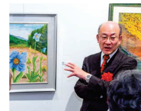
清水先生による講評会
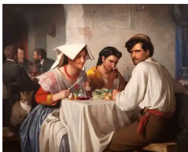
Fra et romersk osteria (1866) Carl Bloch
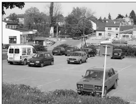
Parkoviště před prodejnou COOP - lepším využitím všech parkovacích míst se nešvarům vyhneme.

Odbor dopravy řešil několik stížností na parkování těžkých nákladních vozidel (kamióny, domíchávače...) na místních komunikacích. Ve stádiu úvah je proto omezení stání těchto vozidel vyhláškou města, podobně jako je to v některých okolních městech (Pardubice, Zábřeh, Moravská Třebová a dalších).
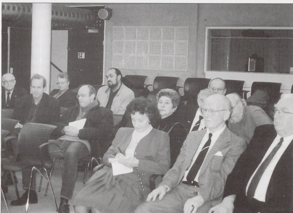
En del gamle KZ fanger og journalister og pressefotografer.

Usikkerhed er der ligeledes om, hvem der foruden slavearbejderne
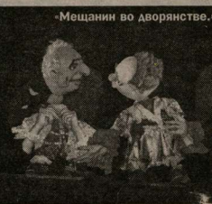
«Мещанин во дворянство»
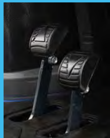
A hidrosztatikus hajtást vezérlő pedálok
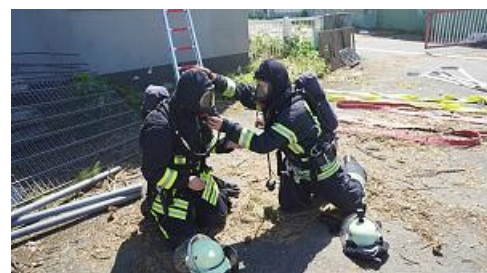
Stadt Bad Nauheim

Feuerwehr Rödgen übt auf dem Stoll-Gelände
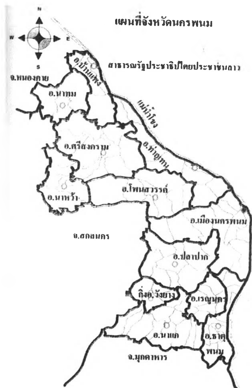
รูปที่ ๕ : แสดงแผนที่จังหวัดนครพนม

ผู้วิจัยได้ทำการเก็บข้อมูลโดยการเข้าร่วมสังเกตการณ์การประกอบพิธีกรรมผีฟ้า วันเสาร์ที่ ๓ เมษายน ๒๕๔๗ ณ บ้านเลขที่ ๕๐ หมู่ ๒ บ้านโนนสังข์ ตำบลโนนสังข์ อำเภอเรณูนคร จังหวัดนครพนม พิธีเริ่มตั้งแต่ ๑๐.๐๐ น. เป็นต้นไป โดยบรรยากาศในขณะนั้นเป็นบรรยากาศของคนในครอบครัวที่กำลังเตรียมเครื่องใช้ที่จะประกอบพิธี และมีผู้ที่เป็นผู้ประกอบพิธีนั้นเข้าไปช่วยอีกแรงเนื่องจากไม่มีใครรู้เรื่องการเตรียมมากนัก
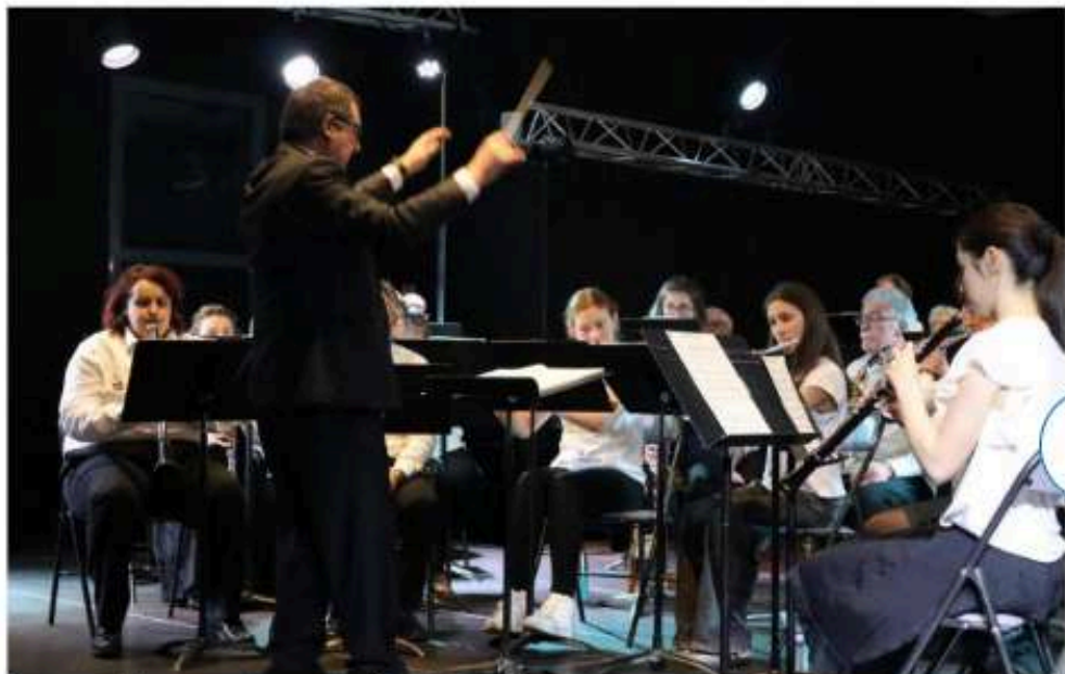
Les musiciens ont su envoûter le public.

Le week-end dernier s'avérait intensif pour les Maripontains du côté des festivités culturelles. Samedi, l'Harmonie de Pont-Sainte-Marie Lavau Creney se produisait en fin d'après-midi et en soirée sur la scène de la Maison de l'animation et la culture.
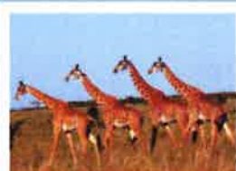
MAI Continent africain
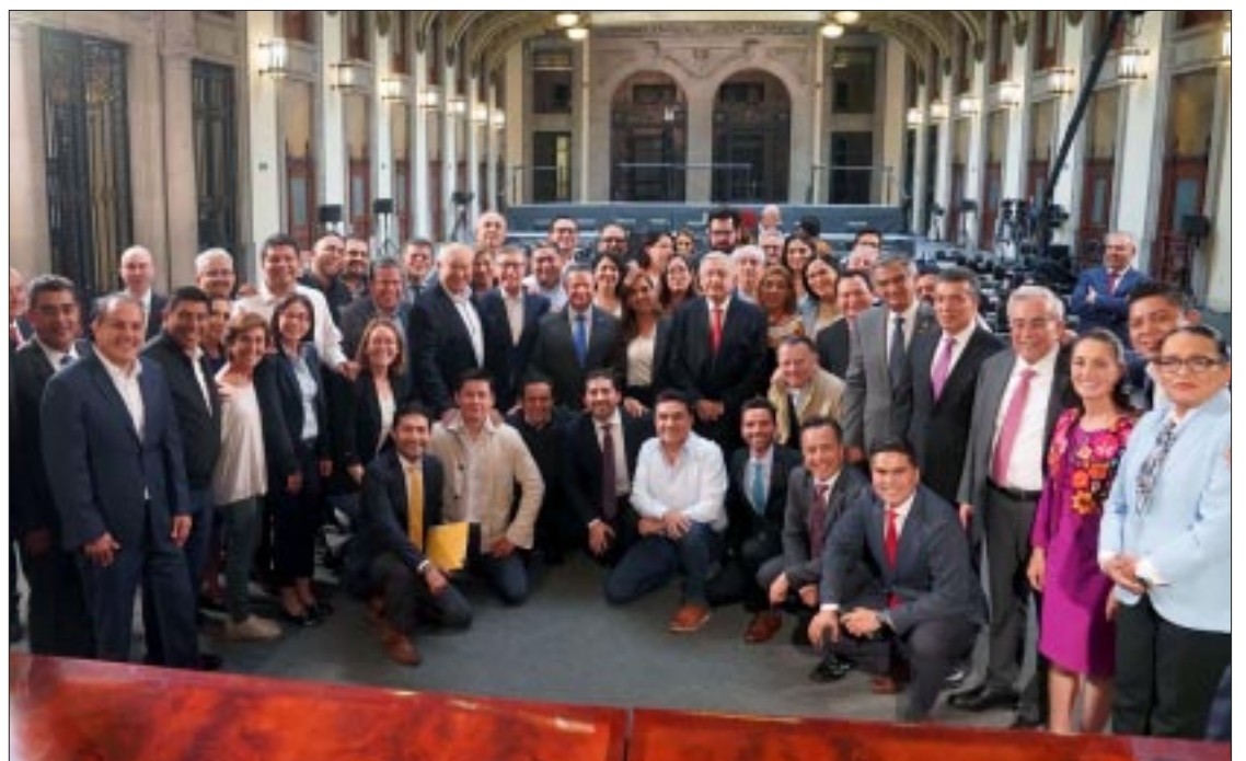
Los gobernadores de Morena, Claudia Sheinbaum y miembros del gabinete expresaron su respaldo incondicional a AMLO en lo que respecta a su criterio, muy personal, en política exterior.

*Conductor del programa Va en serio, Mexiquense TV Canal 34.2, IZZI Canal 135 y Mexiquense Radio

--*--

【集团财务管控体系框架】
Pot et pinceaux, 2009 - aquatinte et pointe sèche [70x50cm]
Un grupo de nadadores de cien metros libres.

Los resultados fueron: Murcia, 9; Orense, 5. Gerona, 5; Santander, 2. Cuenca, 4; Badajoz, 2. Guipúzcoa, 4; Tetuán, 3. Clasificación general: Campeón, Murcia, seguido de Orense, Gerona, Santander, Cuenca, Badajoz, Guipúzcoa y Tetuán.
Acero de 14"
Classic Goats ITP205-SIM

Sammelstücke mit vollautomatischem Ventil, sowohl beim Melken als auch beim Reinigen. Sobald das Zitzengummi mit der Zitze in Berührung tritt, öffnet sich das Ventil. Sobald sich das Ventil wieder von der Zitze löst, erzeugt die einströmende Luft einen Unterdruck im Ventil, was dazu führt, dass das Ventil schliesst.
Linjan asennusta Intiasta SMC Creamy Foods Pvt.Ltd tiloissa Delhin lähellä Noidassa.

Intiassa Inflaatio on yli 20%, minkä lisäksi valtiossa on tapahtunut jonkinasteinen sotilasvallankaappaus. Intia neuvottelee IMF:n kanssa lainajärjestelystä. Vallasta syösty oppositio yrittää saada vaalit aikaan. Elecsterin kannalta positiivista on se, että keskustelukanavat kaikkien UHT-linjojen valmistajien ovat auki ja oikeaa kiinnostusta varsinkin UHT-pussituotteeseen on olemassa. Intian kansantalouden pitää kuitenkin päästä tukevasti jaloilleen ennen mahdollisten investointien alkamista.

--*--

* [Try it]: Report every line of the preceding listing where the string "ดนครพนม" occurs.

* [Solved exercise]:
รูปที่ ๕ : แสดงแผนที่จังหวัดนครพนม
ผู้วิจัยได้ทำการเก็บข้อมูลโดยการเข้าร่วมสังเกตการณ์การประกอบพิธีกรรมผีฟ้า วันเสาร์ที่ ๓ เมษายน ๒๕๔๗ ณ บ้านเลขที่ ๕๐ หมู่ ๒ บ้านโนนสังข์ ตำบลโนนสังข์ อำเภอเรณูนคร จังหวัดนครพนม พิธีเริ่มตั้งแต่ ๑๐.๐๐ น. เป็นต้นไป โดยบรรยากาศในขณะนั้นเป็นบรรยากาศของคนในครอบครัวที่กำลังเตรียมเครื่องใช้ที่จะประกอบพิธี และมีผู้ที่เป็นผู้ประกอบพิธีนั้นเข้าไปช่วยอีกแรงเนื่องจากไม่มีใครรู้เรื่องการเตรียมมากนัก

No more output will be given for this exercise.